### WHAT YOU SHOULD DO
The records are to be repeated in full, with the images removed.

### EXERCISE MATERIAL
· · · · ·

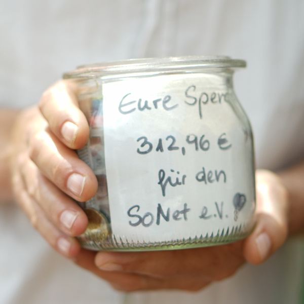 In diesem Jahr gehen Eure Spenden fürs Kinderschminken und das Glücksrad-Drehen an den SoNet e.V., "Soziales Netzwerk für weltoffene und demokratische Kinder-, Jugend- und Sozialarbeit". Heute konnten wir das Spendenglas an Cathleen übergeben.
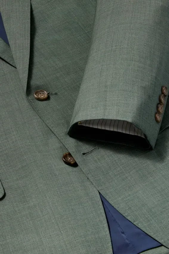 Tissu Zignone | Construction partiellement entoilée | Intérieur entièrement doublé | Doublure des manches | Boutons non fonctionnels aux poignets | Double fente | Poches intérieures et boucle de suspension
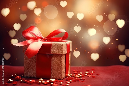 Background holiday, gift in a beautiful box with a heart with generative ai
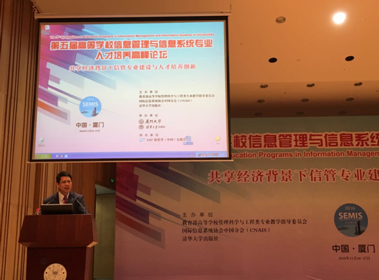 11月26-27日,由教育部高等学校管理科学与工程专业教学指导委员会、国际信息系统协会中国分会(CNAIS)和清华大学出版社主办,厦门大学和清华大学出版社共同承办的“第五届高等学校信息管理与信息系统专业人才培养高峰论坛”在我校隆重举行。此次论坛的主题是共享经济背景下信管专业建设与人才培养创新。来自全国上百所高校的300多名代表出席了论坛。
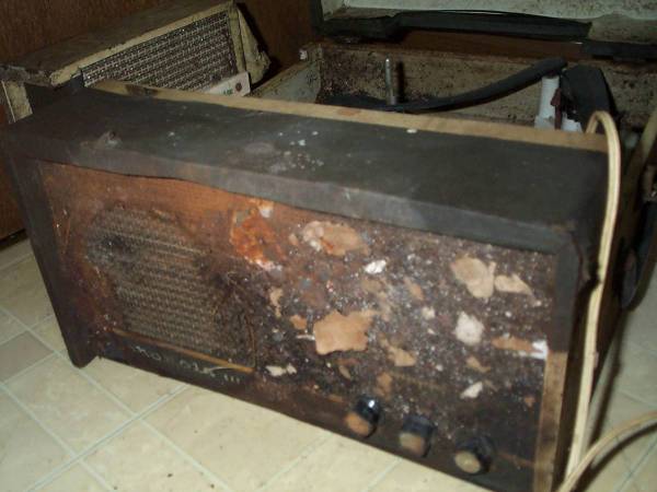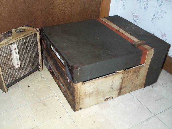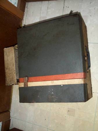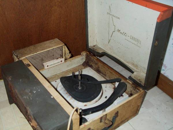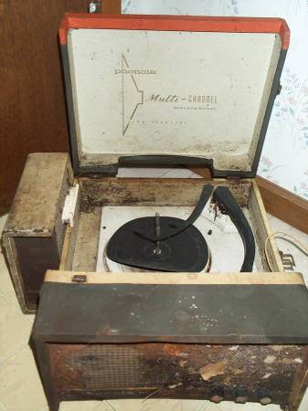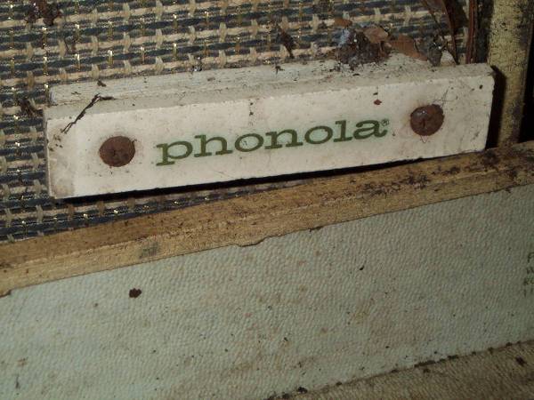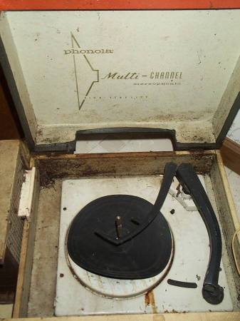 Circa late 1950's early 1960's PHONOLA suitcase model multi-chennel stereo suitcase model record player. Features a 4 speed record changer. I think the tube amplifier has two 50EH5 tubes. Perhaps more rare than the "Phonola" phonograph itself is the included original right channel extension speaker. Most of the extension speakers were long lost. The left channel speaker is built in to the phonograph. The cabinet suffers from being stored in a damp location. I did plug the phonograph in to electric for testing and suprisingly the turntable turned smoothly and the idler wheel appeared to be still good. The amplifier tubes lit up and I got noise through the extension speaker. Most of the restoration on this unit would be to restore the cabinet. The needle and cartridge in the tone arm are still in place. Phonograph measures aprox 15 1/2" length x 17 3/4" deep x 8 1/2" height. Pick up from Villa Park, IL. Please call or text show contact info
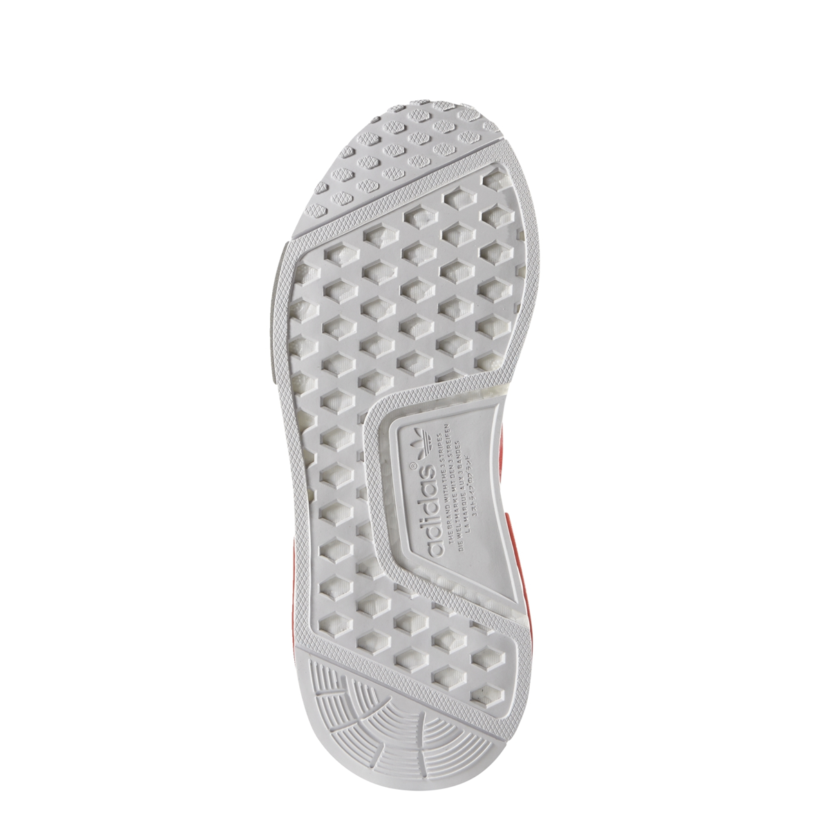 Buty Adidas NMD wdarły się przebojem na rynek i natychmiast stały się hitem. Od pierwszego wydania w grudniu 2015 roku ich popularność stale rośnie, a kolejne wydania i kolorystyki wyprzedają się niemalże natychmiastowo. Kluczem do sukcesu okazało się połączenie podeszwy z systemem boost™ odpowiadającej za wygodę oraz siateczkowej cholewki z neoprenu, która zapewnia elastyczność i przewiewność buta. Sama cholewka została ozdobiona odblaskowym, geometrycznym wzorem. Do tego dodano charakterystyczne elementy dla tego modelu, czyli umieszczone w podeszwie środkowej formowane wstawki z pianki EVA w dwóch kolorach. Kolorystyka prezentowana przez nas opiera się na czerwieni, białej podeszwie oraz czarnych i szarych wykończeniach.
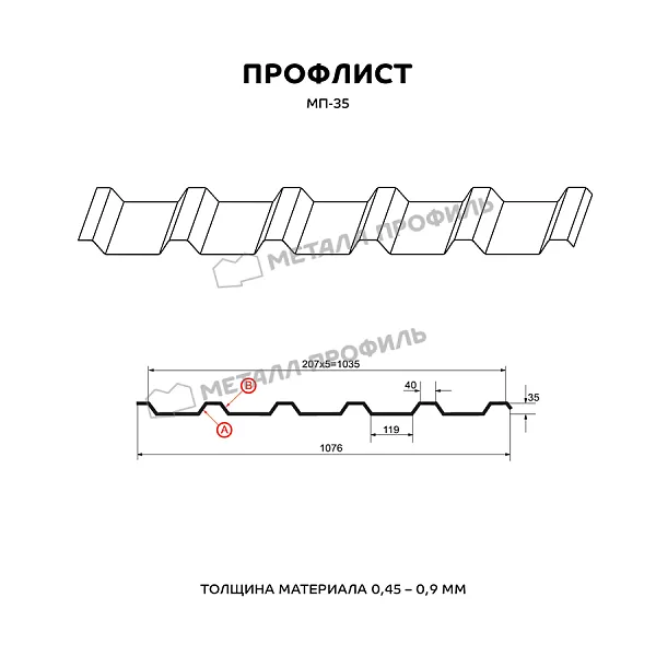 Профлист МП-35 в равной степени подходит как для облицовки стен, ограждений, так и для кровли, скатной и плоской. Металлопрокат с этим профилем отличается рабочей шириной 1035 мм. Облегчить установку кровли поможет заказ проката необходимой длины, равной длине ската, но не более 12 метров. Успешно используется МП-35 и при строительстве несложных каркасных объектов. Подходит в качестве перегородок в подсобных постройках, ангарах. Для изготовления МП-35 используются оцинкованная сталь толщиной от 0,45 до 0,9 мм. Этот профиль не имеет специальных желобков или канавок, добавляющих ему жёсткость. Тем не менее, правильная геометрия листа и характерные трапециевидные волны гарантируют изделию достаточно высокую несущую способность и стойкость к излому. Большой выбор оттенков и фактур в ассортименте финишных покрытий расширяет дизайнерские возможности по созданию МП-35.Покрытие VikingMP® E:
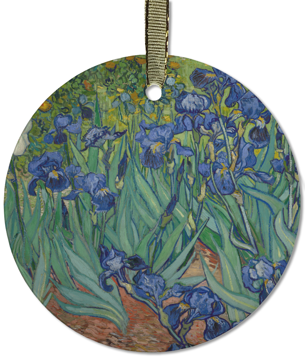 Irises is one of several paintings of irises by the Dutch artist Vincent van Gogh, and one of a series of paintings he executed at the Saint Paul-de-Mausole asylum in Saint-Remy-de-Provence, France, in the last year before his death in 1890. Van Gogh started painting Irises within a week of entering the asylum, in May 1889, working from nature in the hospital garden. There is a lack of the high tension which is seen in his later works. He called painting "the lightning conductor for my illness" because he felt that he could keep himself from going insane by continuing to paint. The painting was probably influenced by Japanese ukiyo-e woodblock prints like many of his works and those by other artists of the time. The similarities occur with strong outlines, unusual angles, including close-up views, and also flattish local colour (not modelled according to the fall of light).(Source: Wikipedia)
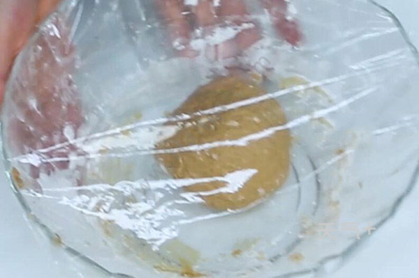 3、取一部分低筋面粉,加入白糖水,揉成面团,静置30分钟;
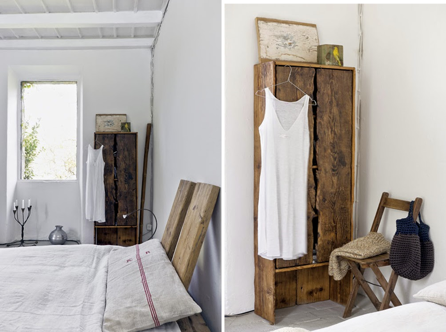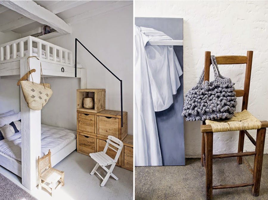 Para este domingo nos trasladamos a una casa de campo rústica con mucho encanto, donde los muebles antiguos de madera, paredes encaladas en blanco y suelos oscuros crean una atmósfera con una agradable sensación a paz y tranquilidad. Los capazos de mimbre y trapillo, las típicas sillas de madera, la vajilla, los textiles de lino y blanco algodón.....me hacen trasladar mis recuerdos a los días de infancia en los veranos en casa de mis abuelos.
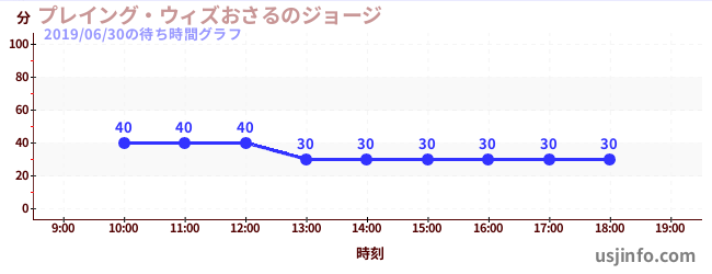 • プレイング・ウィズおさるのジョージ$B$N(B2019年06月30日の待ち時間
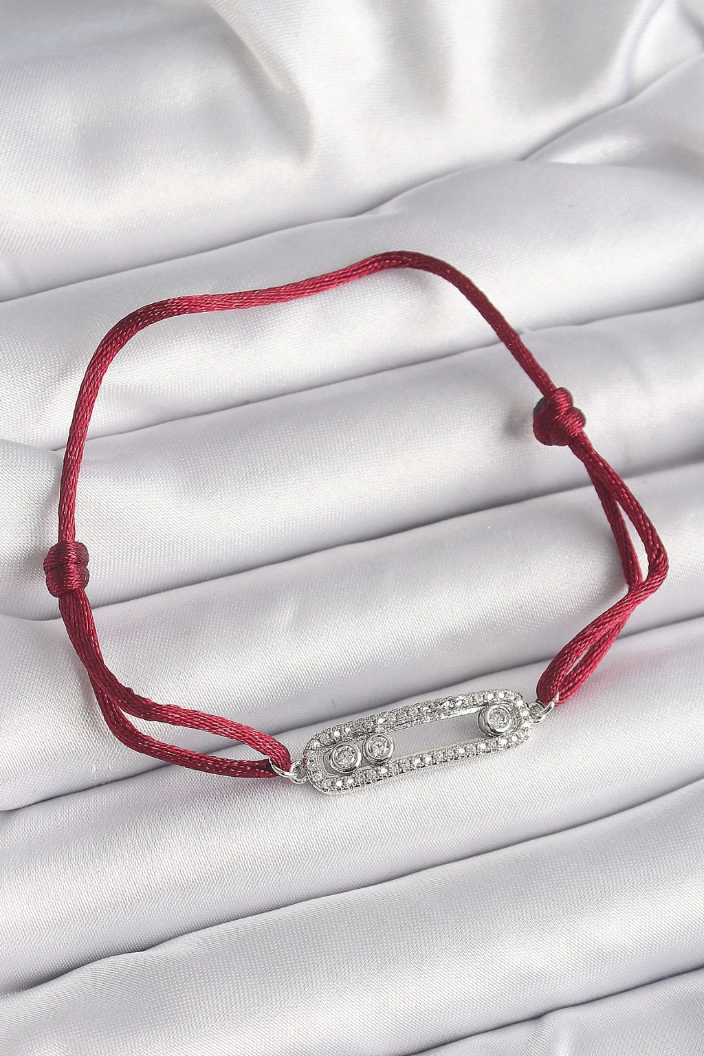Dodes Dodes Kırmızı İpli Asansörlü Zirkon Taşlı Gümüş Messika Model Kadın Bileklik TG27BB6582

· · · · ·

### SOLUTION
 In diesem Jahr gehen Eure Spenden fürs Kinderschminken und das Glücksrad-Drehen an den SoNet e.V., "Soziales Netzwerk für weltoffene und demokratische Kinder-, Jugend- und Sozialarbeit". Heute konnten wir das Spendenglas an Cathleen übergeben.
 Tissu Zignone | Construction partiellement entoilée | Intérieur entièrement doublé | Doublure des manches | Boutons non fonctionnels aux poignets | Double fente | Poches intérieures et boucle de suspension
 Background holiday, gift in a beautiful box with a heart with generative ai
 11月26-27日,由教育部高等学校管理科学与工程专业教学指导委员会、国际信息系统协会中国分会(CNAIS)和清华大学出版社主办,厦门大学和清华大学出版社共同承办的“第五届高等学校信息管理与信息系统专业人才培养高峰论坛”在我校隆重举行。此次论坛的主题是共享经济背景下信管专业建设与人才培养创新。来自全国上百所高校的300多名代表出席了论坛。
 Circa late 1950's early 1960's PHONOLA suitcase model multi-chennel stereo suitcase model record player. Features a 4 speed record changer. I think the tube amplifier has two 50EH5 tubes. Perhaps more rare than the "Phonola" phonograph itself is the included original right channel extension speaker. Most of the extension speakers were long lost. The left channel speaker is built in to the phonograph. The cabinet suffers from being stored in a damp location. I did plug the phonograph in to electric for testing and suprisingly the turntable turned smoothly and the idler wheel appeared to be still good. The amplifier tubes lit up and I got noise through the extension speaker. Most of the restoration on this unit would be to restore the cabinet. The needle and cartridge in the tone arm are still in place. Phonograph measures aprox 15 1/2" length x 17 3/4" deep x 8 1/2" height. Pick up from Villa Park, IL. Please call or text show contact info
 Buty Adidas NMD wdarły się przebojem na rynek i natychmiast stały się hitem. Od pierwszego wydania w grudniu 2015 roku ich popularność stale rośnie, a kolejne wydania i kolorystyki wyprzedają się niemalże natychmiastowo. Kluczem do sukcesu okazało się połączenie podeszwy z systemem boost™ odpowiadającej za wygodę oraz siateczkowej cholewki z neoprenu, która zapewnia elastyczność i przewiewność buta. Sama cholewka została ozdobiona odblaskowym, geometrycznym wzorem. Do tego dodano charakterystyczne elementy dla tego modelu, czyli umieszczone w podeszwie środkowej formowane wstawki z pianki EVA w dwóch kolorach. Kolorystyka prezentowana przez nas opiera się na czerwieni, białej podeszwie oraz czarnych i szarych wykończeniach.
 Профлист МП-35 в равной степени подходит как для облицовки стен, ограждений, так и для кровли, скатной и плоской. Металлопрокат с этим профилем отличается рабочей шириной 1035 мм. Облегчить установку кровли поможет заказ проката необходимой длины, равной длине ската, но не более 12 метров. Успешно используется МП-35 и при строительстве несложных каркасных объектов. Подходит в качестве перегородок в подсобных постройках, ангарах. Для изготовления МП-35 используются оцинкованная сталь толщиной от 0,45 до 0,9 мм. Этот профиль не имеет специальных желобков или канавок, добавляющих ему жёсткость. Тем не менее, правильная геометрия листа и характерные трапециевидные волны гарантируют изделию достаточно высокую несущую способность и стойкость к излому. Большой выбор оттенков и фактур в ассортименте финишных покрытий расширяет дизайнерские возможности по созданию МП-35.Покрытие VikingMP® E:
 Irises is one of several paintings of irises by the Dutch artist Vincent van Gogh, and one of a series of paintings he executed at the Saint Paul-de-Mausole asylum in Saint-Remy-de-Provence, France, in the last year before his death in 1890. Van Gogh started painting Irises within a week of entering the asylum, in May 1889, working from nature in the hospital garden. There is a lack of the high tension which is seen in his later works. He called painting "the lightning conductor for my illness" because he felt that he could keep himself from going insane by continuing to paint. The painting was probably influenced by Japanese ukiyo-e woodblock prints like many of his works and those by other artists of the time. The similarities occur with strong outlines, unusual angles, including close-up views, and also flattish local colour (not modelled according to the fall of light).(Source: Wikipedia)
 3、取一部分低筋面粉,加入白糖水,揉成面团,静置30分钟;
 Para este domingo nos trasladamos a una casa de campo rústica con mucho encanto, donde los muebles antiguos de madera, paredes encaladas en blanco y suelos oscuros crean una atmósfera con una agradable sensación a paz y tranquilidad. Los capazos de mimbre y trapillo, las típicas sillas de madera, la vajilla, los textiles de lino y blanco algodón.....me hacen trasladar mis recuerdos a los días de infancia en los veranos en casa de mis abuelos.
 • プレイング・ウィズおさるのジョージ$B$N(B2019年06月30日の待ち時間
Dodes Dodes Kırmızı İpli Asansörlü Zirkon Taşlı Gümüş Messika Model Kadın Bileklik TG27BB6582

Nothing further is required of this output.